Fieldwork

As the Co-Director of the Belize Valley Archaeological Reconnaissance (BVAR) project, my fieldwork is focused in the central Maya lowlands of western Belize, Central America. As part of the BVAR research, I direct research at the site of Baking Pot. The site was first investigated by A.H. Anderson (1931) when it was discovered that limestone from Str. B1 in Group B at the site was being used as construction fill for the Western Highway (now named the George Price Highway). Subsequent archaeological excavations and survey were conducted by Gordon Willey in the 1950s (Willey et al. 1965) as well as by William and Mary Bullard (Bullard and Bullard 1965). After that time the site was not actively investigated until the 1990s, when the BVAR project began investigations in the settlement (e.g. Conlon and Awe 1992; Conlon and Powis 1993…Conlon and Ehret 2000) and site core (Conlon 1996; Aimers 1997; Audet 2006; Helmke 2007; Hoggarth et al. 2015, 2016) of the site.

My research interests focus on the effects of climate on the collapse and regeneration of complex societies. My central research questions focus on understanding how shifts in climate affected sociopolitical organization, agricultural production, and demography in the Maya Lowlands. My research applies an interdisciplinary approach that integrates history, demography, archaeology, paleoecology, and climate research to understand the impacts of abrupt climatic change from the Classic to Colonial Periods in the Maya Lowlands.

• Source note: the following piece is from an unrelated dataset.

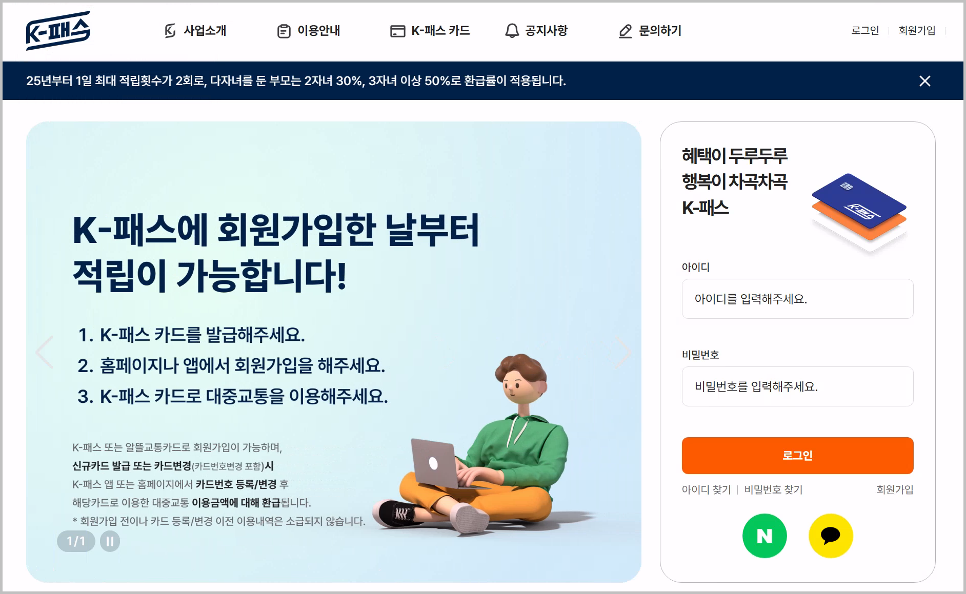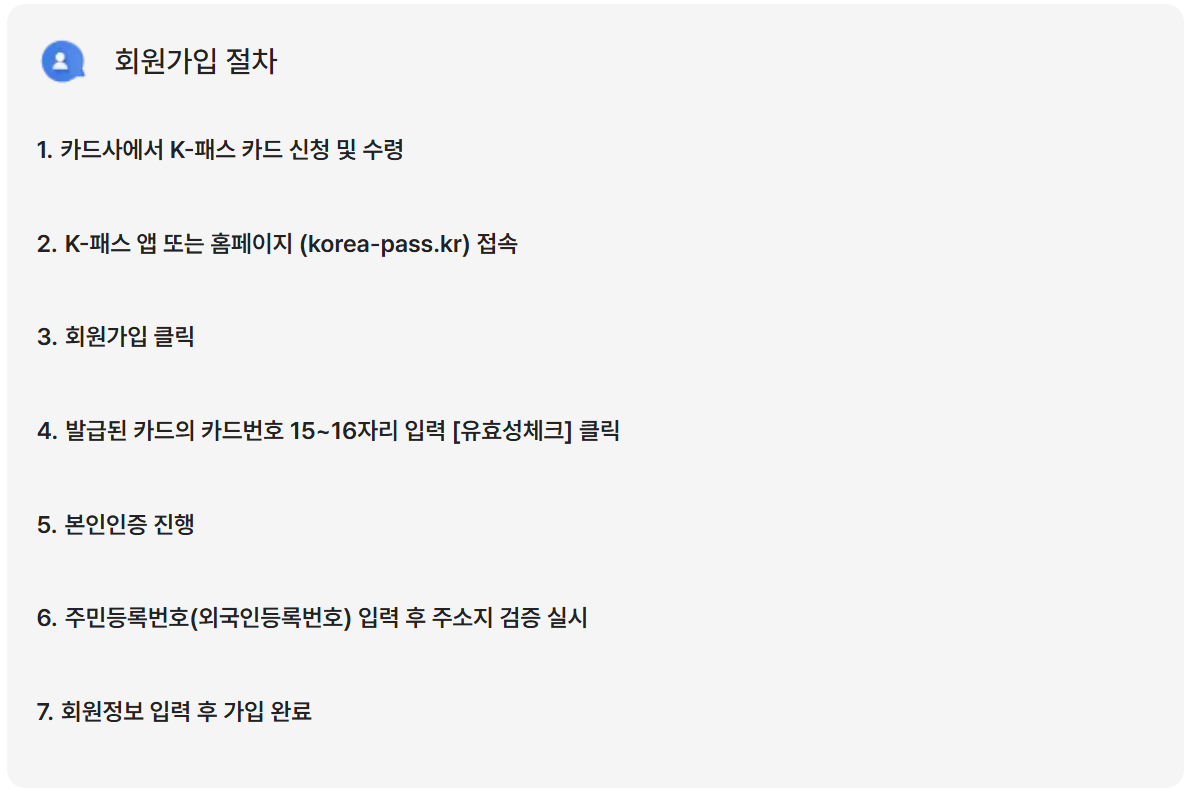 신청 과정은 크게 카드 발급과 회원 등록으로 나뉩니다. 먼저 K-패스 기능이 포함된 교통카드를 발급받아야 합니다.

A new NSF funded project, Examining the Disintegration of Maya Polities and Demographic Decline in the Central Maya Lowlands (in collaboration with Douglas Kennett, and Brendan Culleton and Jaime Awe) focuses on developing a high-precision radiocarbon chronology for the Belize Valley, based at the sites of Baking Pot and Cahal Pech. Ultimately, this project aims to identify chronological correlations (or lack thereof) between episodes of severe drought from the ninth to eleventh centuries with precisely dated archaeological evidence for political and demographic collapse.